Kalaupun sudah ditandatangani Presiden Joko Widodo, masih ada rentang waktu yang cukup dari Mei 2016 hingga Oktober 2016, sebelum disahkan DPR menjadi UU. Ini menjadi indikator, betapa Komnas HAM tidak pro-aktif, ketika Perppu tersebut diproses menjadi UU. Padahal, UU Perlindungan Anak adalah UU yang sangat sensitif, yang seharusnya menjadi perhatian penuh para pemangku kepentingan, termasuk Komnas HAM.

IDI Konsisten Menolak
Reaksi Choirul Anam selaku Komisioner Komnas HAM pada Senin (26/08/2019) itu, berlanjut dengan reaksi Pengurus Besar Ikatan Dokter Indonesia (PB IDI) pada Selasa (27/08/2019). Intinya, PB IDI menolak menjadi eksekutor hukuman kebiri kimia terhadap pelaku kejahatan seksual. Alasannya, kebiri kimia bukan bentuk pelayanan medis, bahkan berpotensi terjadi konflik norma.

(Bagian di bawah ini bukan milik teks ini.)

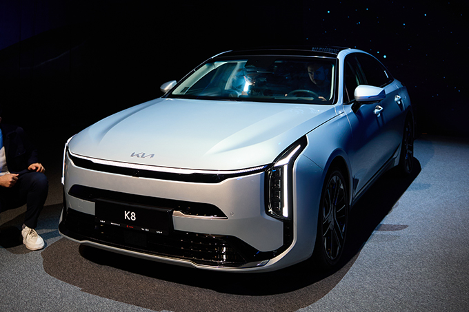 При первом взгляде на K8 бросаются изменения в экстерьере. Передняя часть получила новый бампер, который простирается вдоль обновлённой решётки радиатора и визуально переходит в капот, формируя более монолитный и спортивный облик. Улучшенная аэродинамика помогает уменьшить сопротивление воздуха и, соответственно, расход топлива.
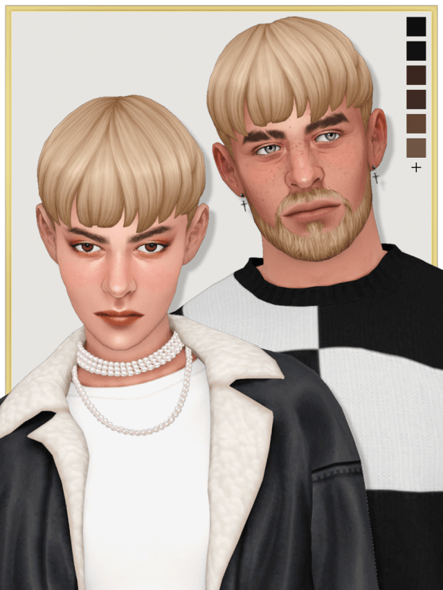 TOMMO | male & female hair managed coming back from the dead to finish this lame mesh edit i started more than 1 year ago. hello tutti 💀 separate packages for the m & f frame Maxis palette (24 swatches) BGC hat compatible polycount: 4k

Itu diungkapkan dengan tegas oleh Ketua Umum PB IDI, Daeng M. Faqih. Sikap PB IDI ini, bukan sesuatu yang tiba-tiba. Dari penelusuran saya, sikap PB IDI menolak menjadi eksekutor hukuman kebiri kimia, sudah mereka tegaskan sejak tiga tahun lalu, saat membahas Perppu Nomor 1 Tahun 2016 tentang Perlindungan Anak menjadi undang-undang (UU) dengan Kementerian Hukum dan HAM (Kemenkum HAM), Kementerian Kesehatan (Kemenkes), Kementerian Sosial (Kemensos), dan Komisi IX DPR.

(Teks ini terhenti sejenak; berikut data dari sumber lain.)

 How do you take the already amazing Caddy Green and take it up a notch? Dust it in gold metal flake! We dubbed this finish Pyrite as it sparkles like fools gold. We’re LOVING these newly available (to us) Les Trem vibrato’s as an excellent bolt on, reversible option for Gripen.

Dengan kata lain, Pengurus Besar Ikatan Dokter Indonesia (PB IDI) konsisten dengan sikap mereka. PB IDI paham bahwa eksekusi hukuman kebiri kimia, bukanlah domain mereka. Itu domain perangkat hukum. Dalam hal ini, posisi PB IDI sebatas pelaksana. Pada Selasa (27/08/2019), Daeng M. Faqih kembali menegaskan, kami minta jangan menunjuk tenaga medis atau tenaga kesehatan sebagai eksekutor.

Di sisi lain, Rudy Hartono selaku Kepala Kejaksaan Negeri Mojokerto, belum bisa memastikan, kapan eksekusi kebiri kimia terhadap Muhammad Aris dilaksanakan. Pada Jumat (23/08/2019), Rudy Hartono menyebut, Kejaksaan Negeri Mojokerto harus koordinasi dulu dengan dokter, rumah sakit, tempat, serta izin pengamanan, sebelum melaksanakan hukuman tersebut.

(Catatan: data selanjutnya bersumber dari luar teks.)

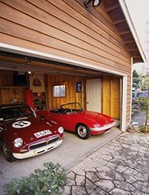 このガレージは、オリンピック製の半透明の着色塗料を使用しました。その他、オスモワックス等もお奨めです。 |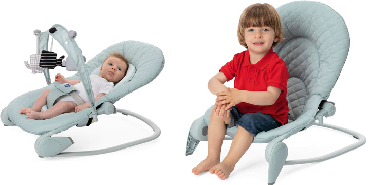Leżaczek Chicco Hoopla jest produktem zaprojektowanym z myślą o maluszkach od narodzin do 18 kg. Dzięki temu, ze można go używać jako leżaczka umożliwiającego noworodkowi leżenie na płasko, może być używany od 1. dnia życia, natomiast po tym, jak maluch opanuje umiejętność samodzielnego siadania, możemy przekształcić leżaczek w krzesełko, siedzonko dla niemowląt.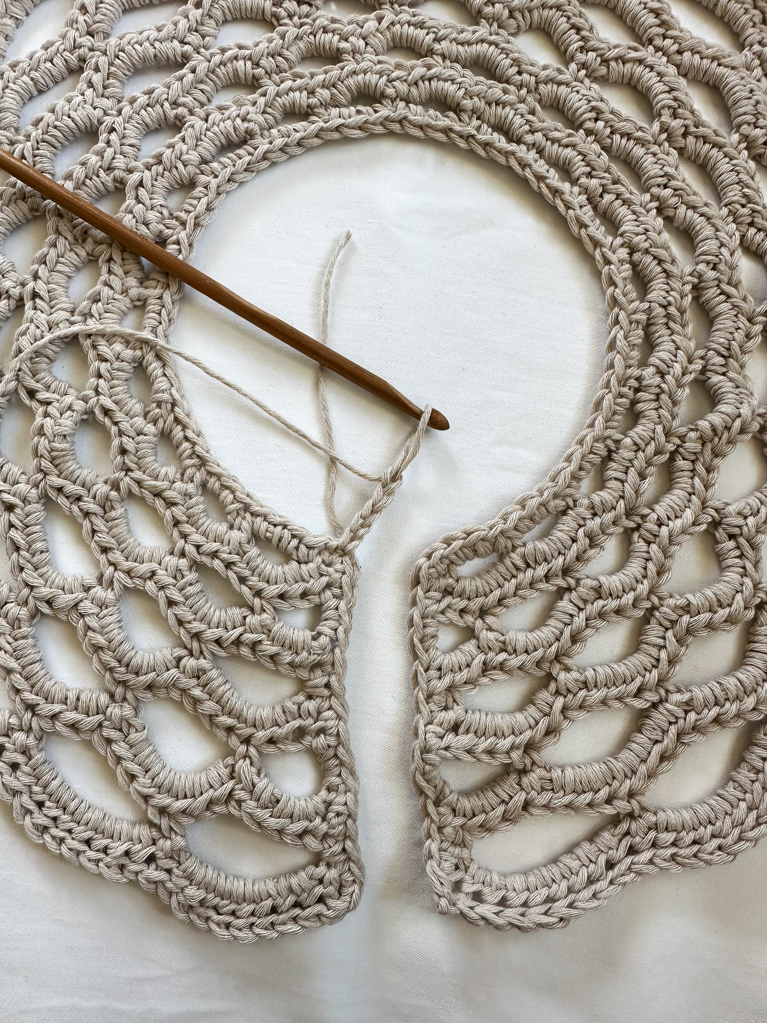 Work slip stitches along all arches. At the last stitch, make 2 single crochet in the corner, then continue with single crochet along the edge at the collar opening. Make 2 single crochet in the top corner, then continue with 3 single crochet per arch around the chain stitches at the neckline. Repeat with 2 single crochet in the opposite corner, and finish with single crochet along the other edge of the collar opening.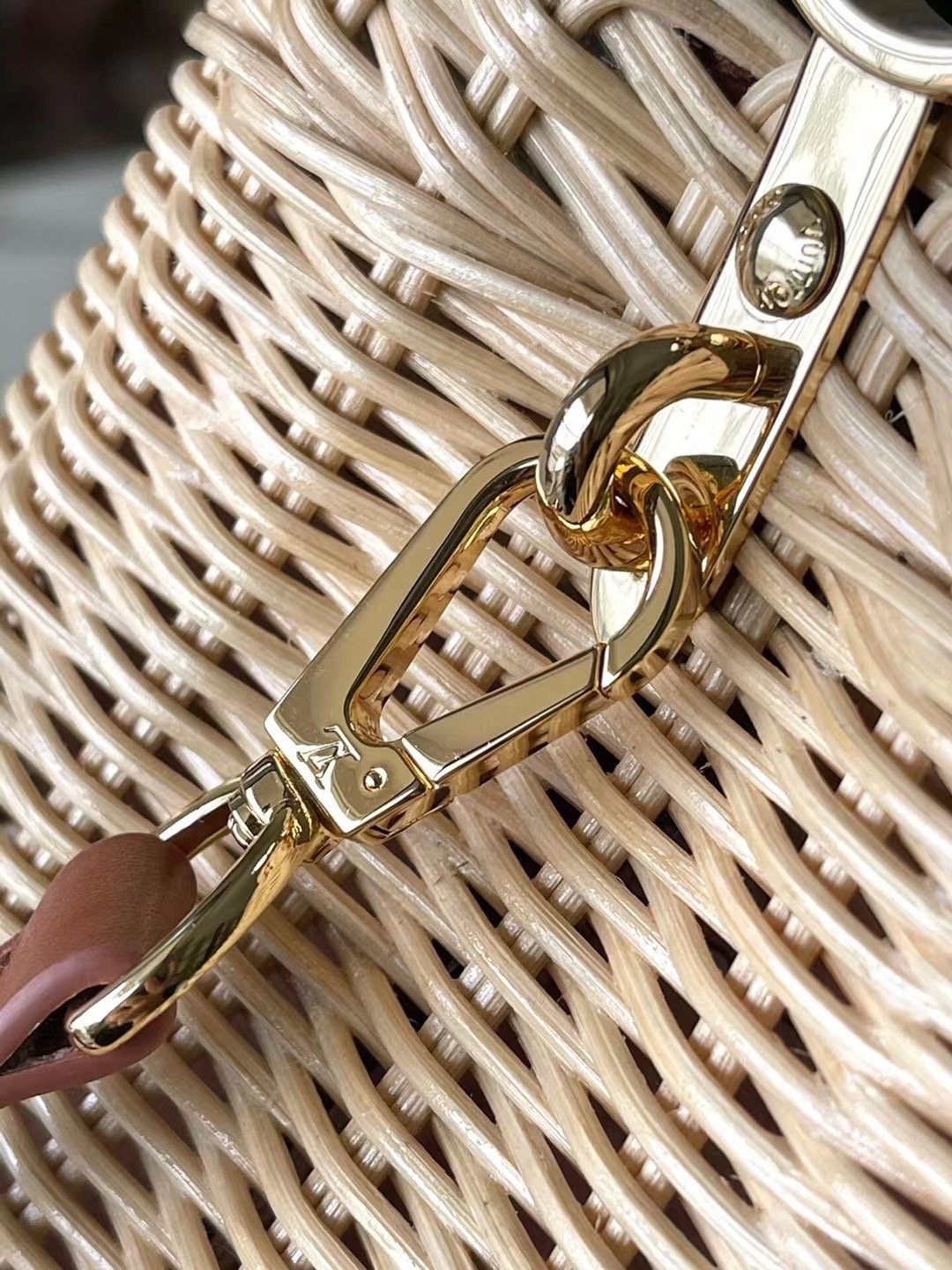 Limited Edition Top Original M22173 Caramel Color CAPUCINES Handbag. Fresh and rich in French style, custom-made bamboo and rattan weaving is completely handmade. Launched in the summer of 2018, it is a limited edition. This handbag is bound to be a hit and can inject avant-garde fashion style into this season’s look. Pure steel brushed hardware, cowhide leather lining, exquisite workmanship. Size: 27*20*9 (fully hand-stitched and woven, pure cowhide leather lining, original top-notch brushed hardware)

Tetap melibatkan dokter? Nah, artinya eksekusi kebiri kimia terhadap Muhammad Aris, bisa kandas di tengah jalan. Kenapa? Karena, PB IDI menolak menjadi eksekutor hukuman kebiri kimia terhadap pelaku kejahatan seksual. Jika ada dokter yang melakukannya, berarti yang bersangkutan melanggar sikap PB IDI. Saya kemudian menelusuri eksistensi Ikatan Dokter Indonesia (IDI) dalam konteks hukum di Indonesia.

Pada Kamis (26/04/2018), Mahkamah Konstitusi (MK) menyatakan, Ikatan Dokter Indonesia (IDI) sebagai satu-satunya organisasi profesi kedokteran yang sah di Indonesia, dengan sejumlah pertimbangan konstitusional. Itu dinyatakan oleh I Dewa Gede Palguna, dalam sidang putusan di Gedung Mahkamah Konstitusi, Jalan Medan Merdeka Barat No.6, Jakarta Pusat. Artinya, IDI satu-satunya organisasi profesi kedokteran yang berhak mengeluarkan sertifikasi profesi dokter.

Nah, siapakah dokter yang akan mengeksekusi hukuman kebiri kimia terhadap Muhammad Aris?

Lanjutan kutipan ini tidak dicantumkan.